Once the line containing "Dave and Mary" is found in the entries below, restate it and each following line word for word, stopping after the line containing "Dank eines Netzwerks".

DATA UNDER STUDY.
------------------------------------------------------------------------

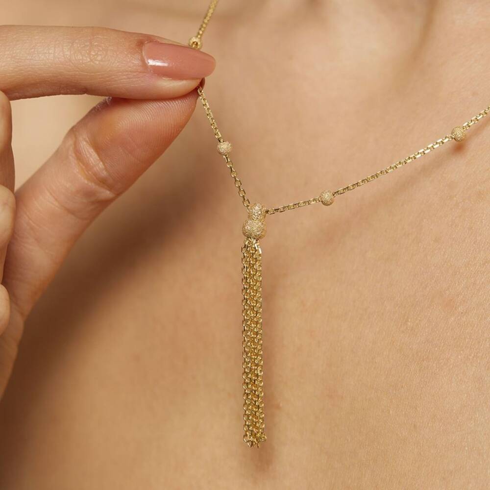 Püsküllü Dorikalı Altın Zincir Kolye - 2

------------------------------------------------------------------------

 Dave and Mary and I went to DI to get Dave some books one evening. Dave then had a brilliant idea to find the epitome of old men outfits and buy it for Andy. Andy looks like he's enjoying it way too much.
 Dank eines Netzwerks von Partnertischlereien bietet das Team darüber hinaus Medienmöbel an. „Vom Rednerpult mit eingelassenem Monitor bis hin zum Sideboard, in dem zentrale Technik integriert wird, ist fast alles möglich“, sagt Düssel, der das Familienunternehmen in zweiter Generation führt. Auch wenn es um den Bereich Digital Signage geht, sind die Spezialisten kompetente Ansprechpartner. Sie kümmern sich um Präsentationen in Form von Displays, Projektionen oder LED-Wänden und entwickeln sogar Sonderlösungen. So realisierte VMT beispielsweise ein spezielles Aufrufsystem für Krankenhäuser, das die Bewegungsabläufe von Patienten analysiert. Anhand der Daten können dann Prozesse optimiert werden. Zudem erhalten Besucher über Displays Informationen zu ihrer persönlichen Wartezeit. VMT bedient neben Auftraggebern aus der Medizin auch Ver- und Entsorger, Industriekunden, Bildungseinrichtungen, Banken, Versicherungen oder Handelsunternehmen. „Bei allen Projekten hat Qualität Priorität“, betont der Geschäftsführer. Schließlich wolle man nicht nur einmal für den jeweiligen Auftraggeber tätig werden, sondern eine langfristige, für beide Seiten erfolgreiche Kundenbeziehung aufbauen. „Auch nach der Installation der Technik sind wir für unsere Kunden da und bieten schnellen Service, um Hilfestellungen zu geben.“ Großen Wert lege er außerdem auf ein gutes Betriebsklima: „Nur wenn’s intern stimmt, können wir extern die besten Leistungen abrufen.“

------------------------------------------------------------------------

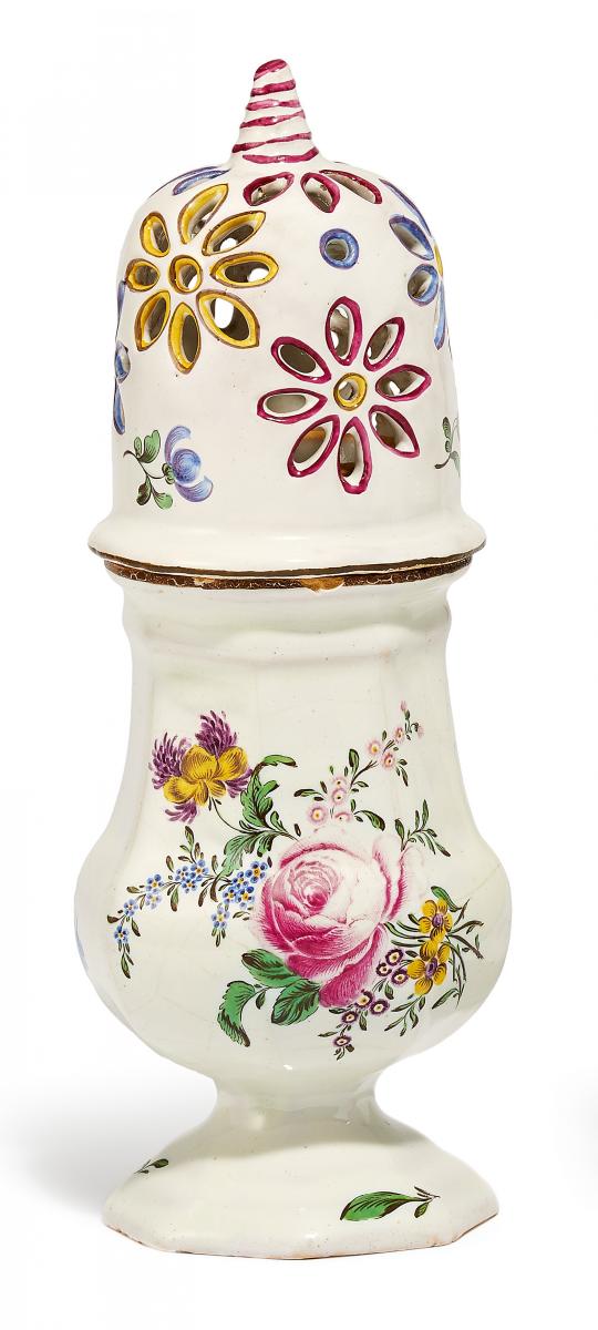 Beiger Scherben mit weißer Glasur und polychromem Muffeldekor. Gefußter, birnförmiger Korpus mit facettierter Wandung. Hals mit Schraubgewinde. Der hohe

------------------------------------------------------------------------

WRITTEN SOLUTION.
 Dave and Mary and I went to DI to get Dave some books one evening. Dave then had a brilliant idea to find the epitome of old men outfits and buy it for Andy. Andy looks like he's enjoying it way too much.
 Dank eines Netzwerks von Partnertischlereien bietet das Team darüber hinaus Medienmöbel an. „Vom Rednerpult mit eingelassenem Monitor bis hin zum Sideboard, in dem zentrale Technik integriert wird, ist fast alles möglich“, sagt Düssel, der das Familienunternehmen in zweiter Generation führt. Auch wenn es um den Bereich Digital Signage geht, sind die Spezialisten kompetente Ansprechpartner. Sie kümmern sich um Präsentationen in Form von Displays, Projektionen oder LED-Wänden und entwickeln sogar Sonderlösungen. So realisierte VMT beispielsweise ein spezielles Aufrufsystem für Krankenhäuser, das die Bewegungsabläufe von Patienten analysiert. Anhand der Daten können dann Prozesse optimiert werden. Zudem erhalten Besucher über Displays Informationen zu ihrer persönlichen Wartezeit. VMT bedient neben Auftraggebern aus der Medizin auch Ver- und Entsorger, Industriekunden, Bildungseinrichtungen, Banken, Versicherungen oder Handelsunternehmen. „Bei allen Projekten hat Qualität Priorität“, betont der Geschäftsführer. Schließlich wolle man nicht nur einmal für den jeweiligen Auftraggeber tätig werden, sondern eine langfristige, für beide Seiten erfolgreiche Kundenbeziehung aufbauen. „Auch nach der Installation der Technik sind wir für unsere Kunden da und bieten schnellen Service, um Hilfestellungen zu geben.“ Großen Wert lege er außerdem auf ein gutes Betriebsklima: „Nur wenn’s intern stimmt, können wir extern die besten Leistungen abrufen.“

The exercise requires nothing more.